### What is required
All lines from the one containing "超级泊车功能涵盖了自动泊车、" to the end of the listing below should be output exactly; omit the pictures.

### Data section
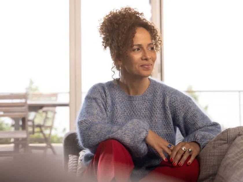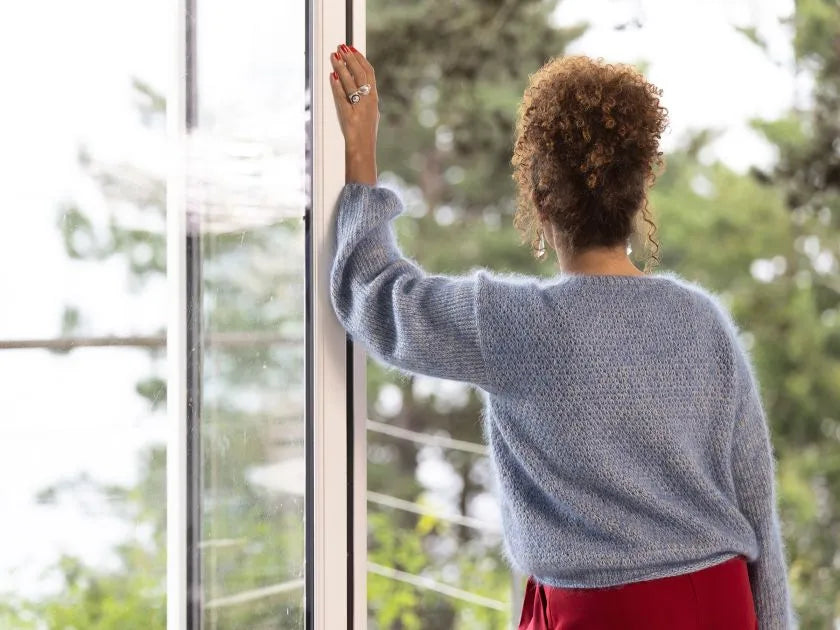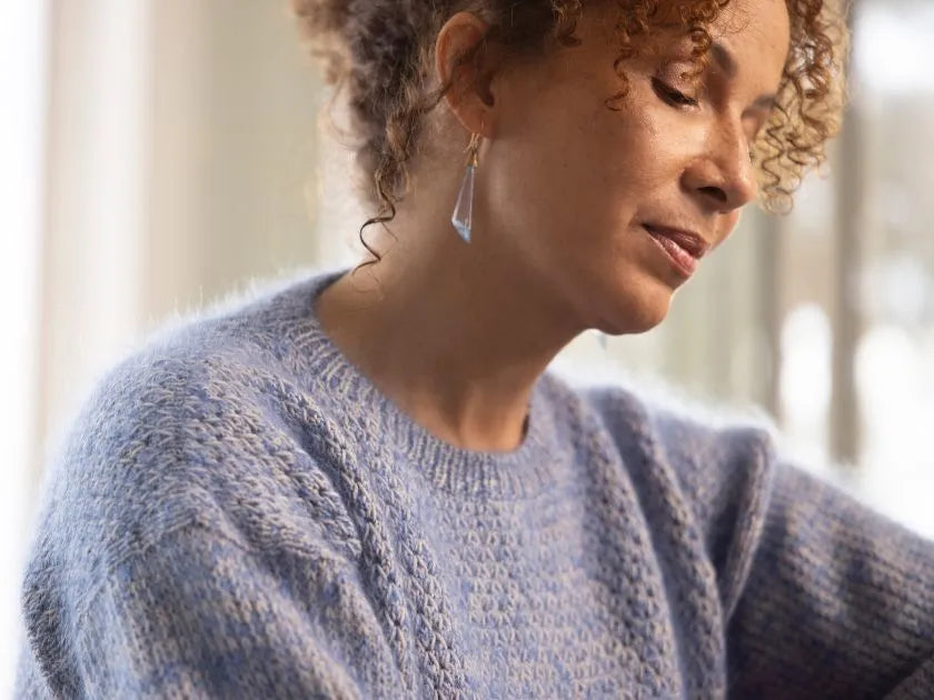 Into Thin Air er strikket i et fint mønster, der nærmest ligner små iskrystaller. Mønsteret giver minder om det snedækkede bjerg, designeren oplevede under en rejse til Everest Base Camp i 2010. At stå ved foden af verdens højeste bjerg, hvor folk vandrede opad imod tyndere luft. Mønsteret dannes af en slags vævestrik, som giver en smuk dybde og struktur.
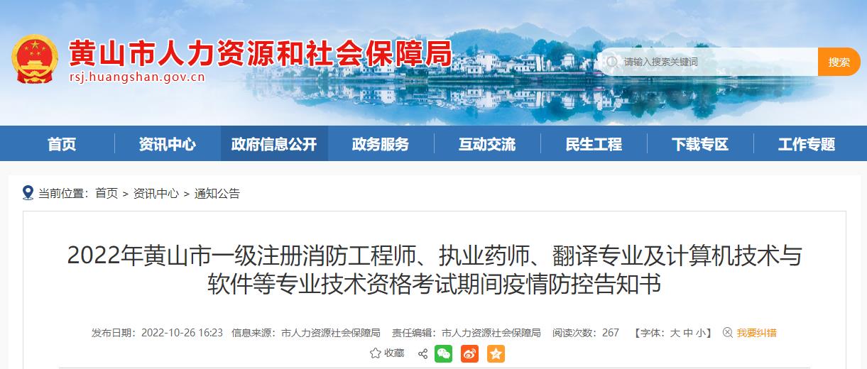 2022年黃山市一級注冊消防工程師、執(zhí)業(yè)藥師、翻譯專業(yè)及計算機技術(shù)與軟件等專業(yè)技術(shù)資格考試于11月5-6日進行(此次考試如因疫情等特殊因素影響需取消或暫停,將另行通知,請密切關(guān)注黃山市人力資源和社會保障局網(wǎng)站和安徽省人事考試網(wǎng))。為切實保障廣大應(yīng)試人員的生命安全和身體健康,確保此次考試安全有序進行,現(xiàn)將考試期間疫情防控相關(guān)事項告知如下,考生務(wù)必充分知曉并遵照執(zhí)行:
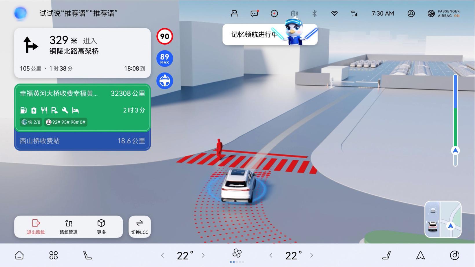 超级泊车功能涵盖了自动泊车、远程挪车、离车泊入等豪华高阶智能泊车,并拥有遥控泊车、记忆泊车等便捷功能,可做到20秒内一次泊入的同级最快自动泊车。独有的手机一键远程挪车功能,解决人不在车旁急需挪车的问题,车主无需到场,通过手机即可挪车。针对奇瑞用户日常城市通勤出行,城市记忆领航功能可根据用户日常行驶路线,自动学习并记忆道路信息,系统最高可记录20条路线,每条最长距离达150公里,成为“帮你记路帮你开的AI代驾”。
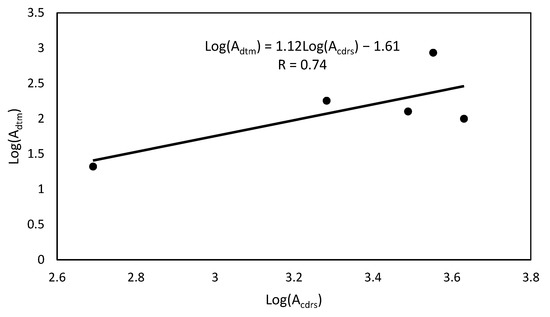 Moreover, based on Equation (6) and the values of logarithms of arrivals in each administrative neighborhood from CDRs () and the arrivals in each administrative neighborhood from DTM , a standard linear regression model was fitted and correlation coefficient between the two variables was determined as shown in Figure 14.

### Answer to this task
 超级泊车功能涵盖了自动泊车、远程挪车、离车泊入等豪华高阶智能泊车,并拥有遥控泊车、记忆泊车等便捷功能,可做到20秒内一次泊入的同级最快自动泊车。独有的手机一键远程挪车功能,解决人不在车旁急需挪车的问题,车主无需到场,通过手机即可挪车。针对奇瑞用户日常城市通勤出行,城市记忆领航功能可根据用户日常行驶路线,自动学习并记忆道路信息,系统最高可记录20条路线,每条最长距离达150公里,成为“帮你记路帮你开的AI代驾”。
 Moreover, based on Equation (6) and the values of logarithms of arrivals in each administrative neighborhood from CDRs () and the arrivals in each administrative neighborhood from DTM , a standard linear regression model was fitted and correlation coefficient between the two variables was determined as shown in Figure 14.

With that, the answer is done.